Steigerend bronzen paard uit de Late Romeinse tijd
Het paard is misschien wel één van de meest gevierde dieren in de Romeinse kunst en cultuur. In het dagelijkse leven waren paarden van groot belang als vervoermiddel, krachtdier en als middel van uiterlijk en militair vertoon. In de archeologie komen we deze symboliek ook tegen in verscheidene voorwerpen, zoals Keltische en Romeinse munten, beslagstukken en mantelspelden. Toch komen hier ook voorwerpen met deze beeltenis langs waarvan archeologen niet altijd precies weten waarvoor deze gebruikt zijn. Zoals dit bronzen paardje, met alleen een hoofd. Wat doe je dan als archeoloog? Dat vertelt Alexander van de Bunt in deze aflevering van Vondst van de Schervendokter.
Het vinden van betekenis en functie kan voor sommige objecten een lange zoektocht betekenen door catalogi, museumcollecties, databases en opgravingsverslagen.
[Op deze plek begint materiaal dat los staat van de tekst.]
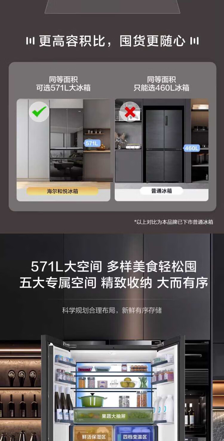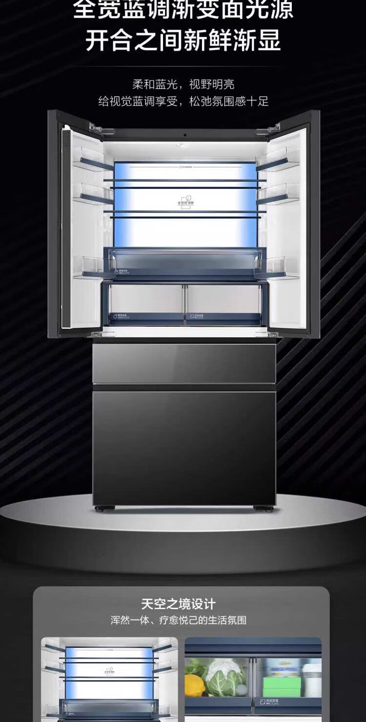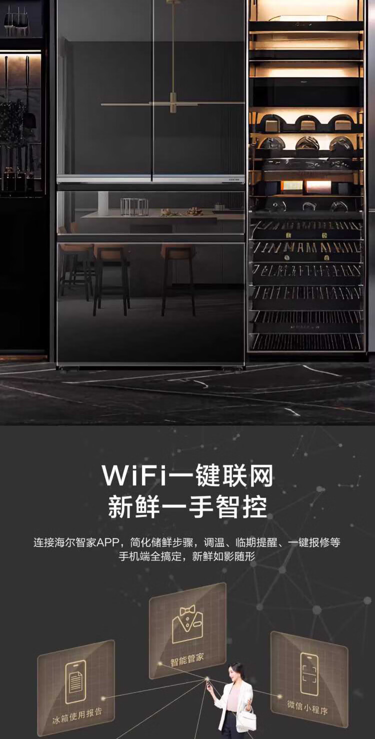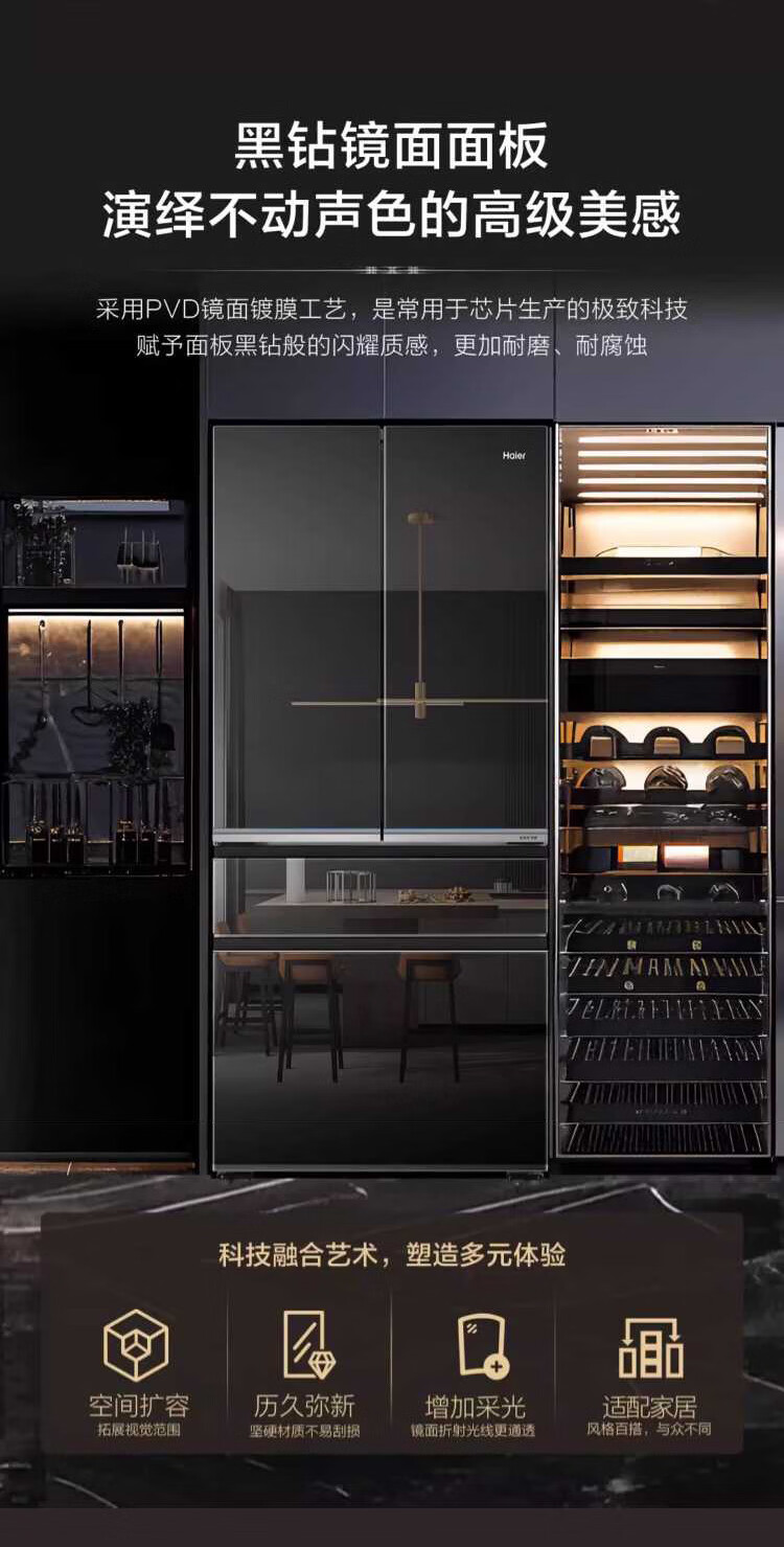 米兰系列-海尔594mm专业超薄零嵌冰箱571升对开门法式多门全空间保鲜epp除菌净味一级变频大容量黑钻镜面超薄零嵌+EPP超净系统+四档变温+全空间保鲜BCD-571WGHFD2BD5U1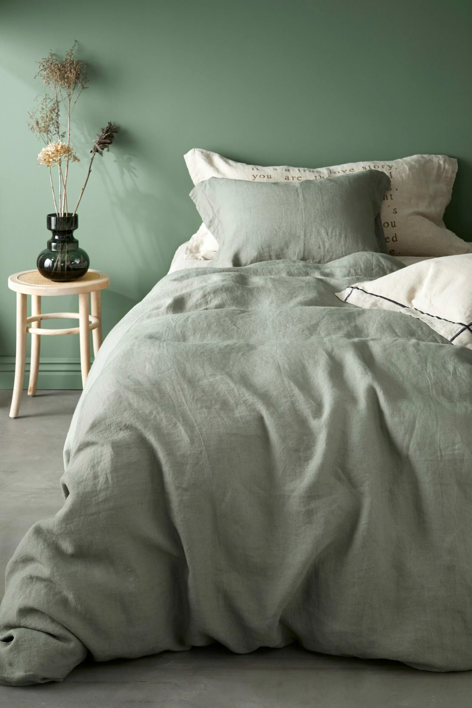 Påslakanset i härlig tvättad linnekvalitet, av franskt lin. Påslakanet har tryckknappar i nederkant. Utan handhål. Örngott med 5 cm vinge på kortsidorna. Vikt 165 g/m2.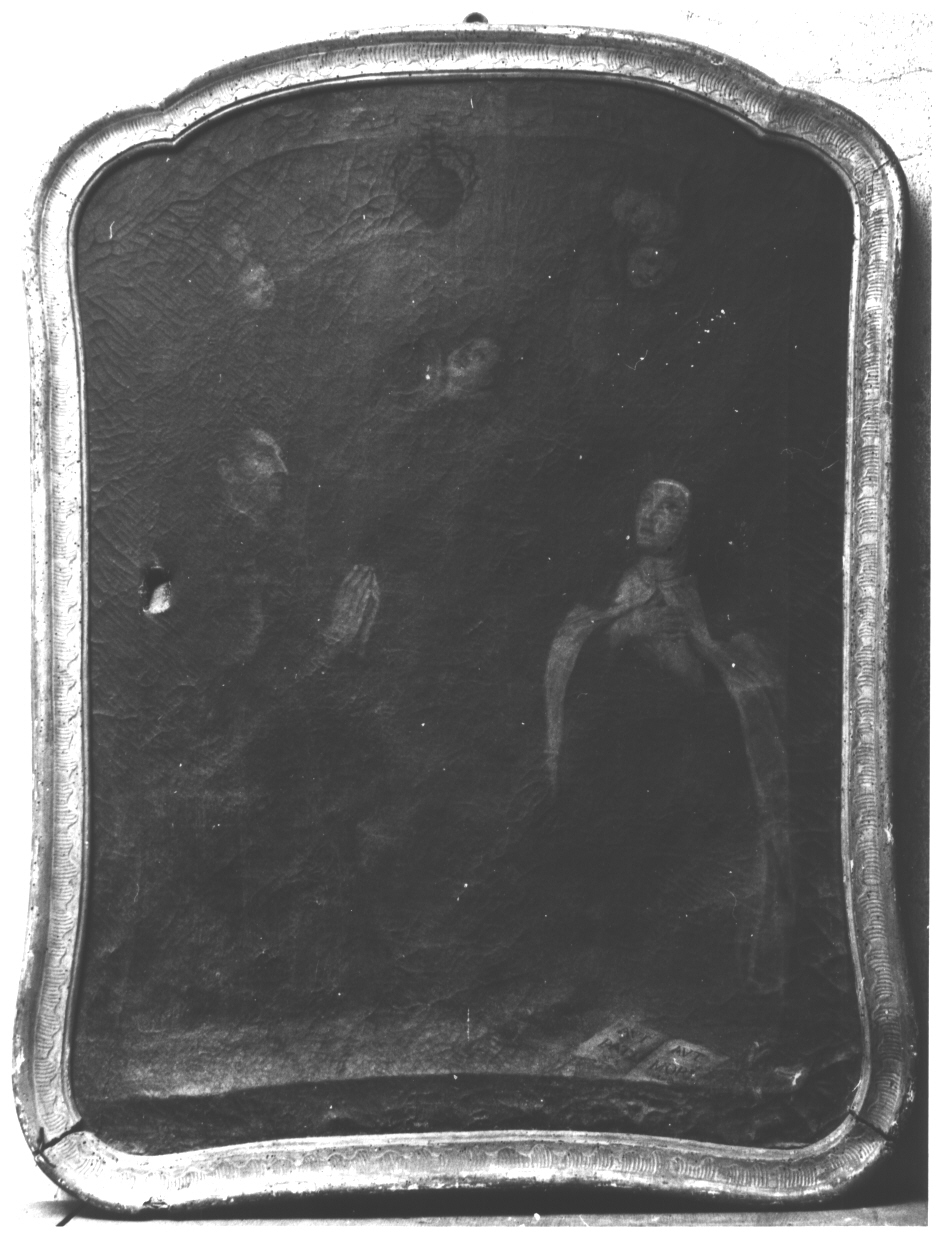 - NOTIZIE STORICO CRITICHE Il tono severo, i colori molto cupi e la raffigurazione dei due santi in estasi secondo una consuetudine figurativa tipica del secolo XVII permettono di pensare ad un'opera eseguita nella seconda metà del secolo. Caratteristica del periodo è anche la cornice in legno dorato dalla linea sagomata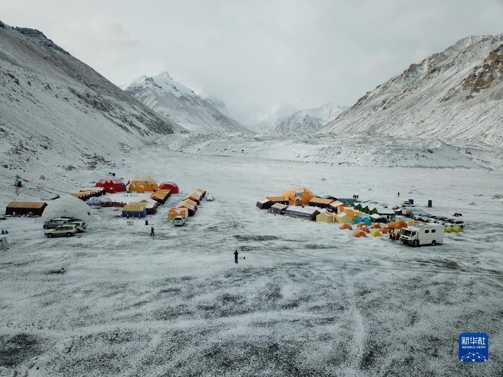 珠峰登山大本營(yíng)(4月30日攝,無(wú)人機(jī)照片)。新華社記者 姜帆 攝

Zijn er vergelijkbare objecten? Wat is daarover geschreven? Hoe past deze nieuwe vondst binnen een bestaand archeologisch patroon?
Een half paard?
Als eerste hopen we antwoord te vinden op waarom we maar de helft van een steigerend paard hebben en waarvoor dit beslagstuk gebruikt werd. Was het van een wapen, een knop van een Centurion stok, van een rijtuig, kunstwerk, speelgoed of onderdeel van een meubelstuk? Zodoende belandden we in collectie van Museum het Valkhof in Nijmegen, waar we eenzelfde soort paardje aantroffen (gevonden tijdens de opgravingen van de St. Stevenskerkhof in 1883), en overigens het enige andere bekende exemplaar in Nederland. Aan de hand van het gestileerde karakter van het paardje uit het museum, worden beide objecten gedateerd in de vroege 4de eeuw na Chr. Deze werd waarschijnlijk gebruikt als versierstuk van een gebruiksvoorwerp, zoals een ketel, tafel, kast, kandelaar, weegschaal, enzovoorts.